Именной таблички на калитке не было; судя по всему, некогда прославленный профессор предпочел известности тихую пристань. Его домик был таким же невысоким, как и все прочие. Как и остальные, он словно врос в землю; со стен точно так же осыпалась штукатурка, у крыльца чахлые лжеакации изнывали от жажды точно так же, как перед всеми другими домами на улице Калапош. Попради остановился у калитки.
Сквозь щели забора можно было заглянуть во двор. Выложенные из кирпича выщербленные ступеньки вели на небольшую веранду, дальний конец которой был застеклен синими, зелеными и красными стеклышками, по большей части треснутыми. В самой глубине веранды кучей в рост человека был свален уголь, припасенный на зиму… Кстати сказать, только это и наводило на мысль, что в доме живут люди.
Попради несмело потянул за ручку звонка, и натянутая над палисадником проволока загудела, качнув висящий на стене дома колокольчик. Заливистый звон потревожил было тишину, но затем опять все стихло, и вымерший двор взирал на незваного пришельца так же безмолвно, как и прежде.
Попради коснулся рукой забинтованного глаза, в котором вдруг настойчиво, требовательно запульсировала боль. Он еще раз — теперь уже нетерпеливо — дернул за ручку звонка, и наконец до слуха его донесся звук шаркающих шагов. Затем калитка чуть приотворилась, и из-под седых бровей, притененных козырьком желтой кепки, на него глянули подозрительно настороженные глаза. По всей вероятности, это был садовник или дворовый служитель.
— Я к господину профессору, — сказал Попради.
— К какому профессору?
— К профессору Ливенштейну. Или он здесь не проживает?
Старик приотворил калитку еще на сантиметр-другой и повнимательнее вгляделся в повязку, закрывающую глаз Попради.
— Если вы пожаловали из-за комнаты, то он действительно здесь не проживает.
— Из-за какой комнаты?
— В доме нет ни одной лишней комнаты.
— Я пришел не из-за этого, — сказал Попради и нерешительно поднес руку к левому глазу, который горел так, словно в него ткнули раскаленным углем.
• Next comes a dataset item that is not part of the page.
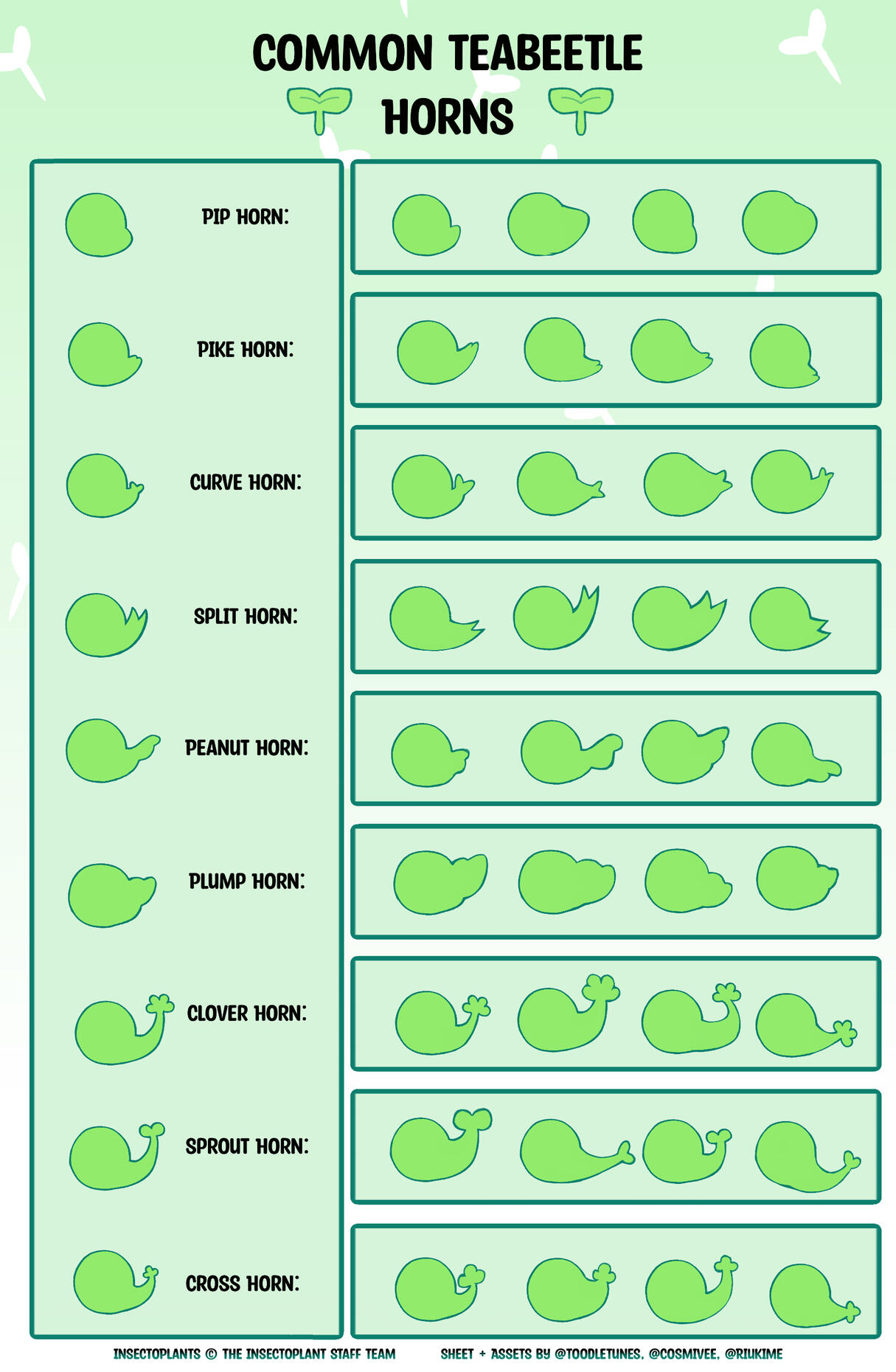 Teabeetles require a Horn trait, while the other subspecies have rounded snouts instead. All subspecies can now use nose horns as well, but its up to you and is totally optional! Otherwise all subspecies are able to utilize smooth snouts.

Старик распахнул калитку. Склонив голову набок и ссутулившись, он зашаркал было к дому, но вдруг опять остановился, преградив Попради путь.
— Значит, вы к Ливенштейну, — по-прежнему настороженно произнес он. — Я и есть Ливенштейн.
Попради оторопел. У него сложилось вполне определенное представление о знаменитом профессоре: суровый человек гигантского роста, с бакенбардами, одетый во все белое с головы до пят, дерзит, грубит пациентам и даже покрикивает на них, зато возвращает зрение слепым, а с неимущих больных не берет ни гроша… Таким жил в его воображении грозный профессор, которого так подробно обрисовала ему мать. В прежние времена считалось хорошим тоном, если врач грубо обращается с пациентами. Большинство врачей, становясь университетскими профессорами, перенимало эту священную традицию, заложенную неким всемирно известным венгерским хирургом… «Чудодей» тоже покрикивал на всех и каждого, невзирая на пол, ранг и имущественное положение. Горланил он в ту пору, когда его пригласили работать в столичной глазной клинике, не утихомирился и в период нилашистского террора, когда его выгнали из университета. Он перебрался в свой родной Мишкольц и продолжал грубить пациентам.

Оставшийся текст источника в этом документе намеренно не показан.